For example, suppose a CCI network includes three modules: M1, M2 and M3. Suppose we open the socket for M3 and send it the following command

    • CCI do M2A1V1.M1A1V1.
      When module M3 receives this command it realizes that it cannot execute it by itself so it sends the command to module M2. Module M2 realizes that in order to complete the command, it first needs for module M1 to run experiment M1A1V1. (or retrieve results from previously run experiment M1A1V1.). After module M1 completes experiment M1A1V1., then module M2 takes the results of the experiment as input and runs experiment M2A1V1.M1A1V1.

The output of a “CCI do” command is a collection of files with the results of the overall experiment described by CCI_Formula as well as the interim results of the sub experiments needed to complete the overall experiment. For example, the command

    • CCI do M2A1V1.M4A2V6.M3A2V1.
      produces three result files named:
    • M3A2V1.
    • M4A2V6.M3A2V1.
    • M2A1V1.M4A2V6.M3A2V1.
      These files store the results of the experiments described by the CCI formula interpretation of the file names.

As another example, the command

    • CCI do M2A1V1.(M4A2V6.M3A2V1.)(M1A2V2)
      produces the result files named:
    • M1A2V2.
    • M3A2V1.
    • M4A2V6.M3A2V1.
    • M2A1C1.M4A2V6.M3A2V1.
    • M2A1V1.(M4A2V6.M3A2V1.)(M1A2V2).
      These files store the results of the experiments described by the CCI formula interpretation of the file names.
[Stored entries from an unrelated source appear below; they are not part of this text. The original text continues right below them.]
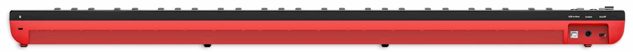 MIDI-контроллер, 61 динамическая клавиша синтезаторного типа, 4 кривых скорости + 3 фикс.,4 кнопки: октава +/-, запуск/остановка, колеса pitch-bend/модуляция, 30 мм фейдер, 1/4 вход сустейн, MIDI CC.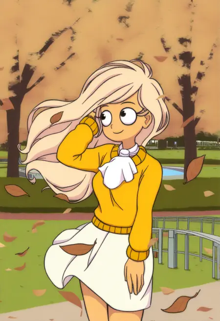 ZelligCoco, 긴 머리, 노란 스웨터, 흰 치마, 흰 애스콧, 팬티스타킹,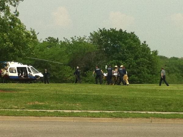 In this photo submitted by Kelly Johnson via Twitter, emergency crews transport the victim of an accidental shooting from an ambulance into a LifeStar helicopter in Dad Perry Park, Wednesday, May 11, 2011.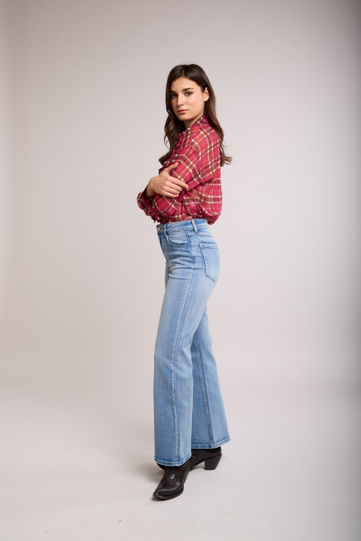 Ce jean droit à taille standard, en bleu jean classique, apporte un look simple et intemporel.

When a module executes a “CCI do” command it looks at its cache of files with past experimental results and decides which sub experiments it needs to run and which sub experiments it does not need to run because the results are already known, i.e., a file for that experiment already exists. For example, suppose we run the command

    • CCI do M2A1V1.M4A2V6.M3A2V1.
      and the results file M4A2V6.M3A2V1. already exists. When module M4 receives the request for M4A2V6.M3A2V1., it will simply take the results file of that experiment and pass it to module M2 rather than re-running it. Module M2 will take the file, and run with attributes A1 and V1 to complete the experiment and store the results on file M2A1V1.M4A2V6.M3A2V1.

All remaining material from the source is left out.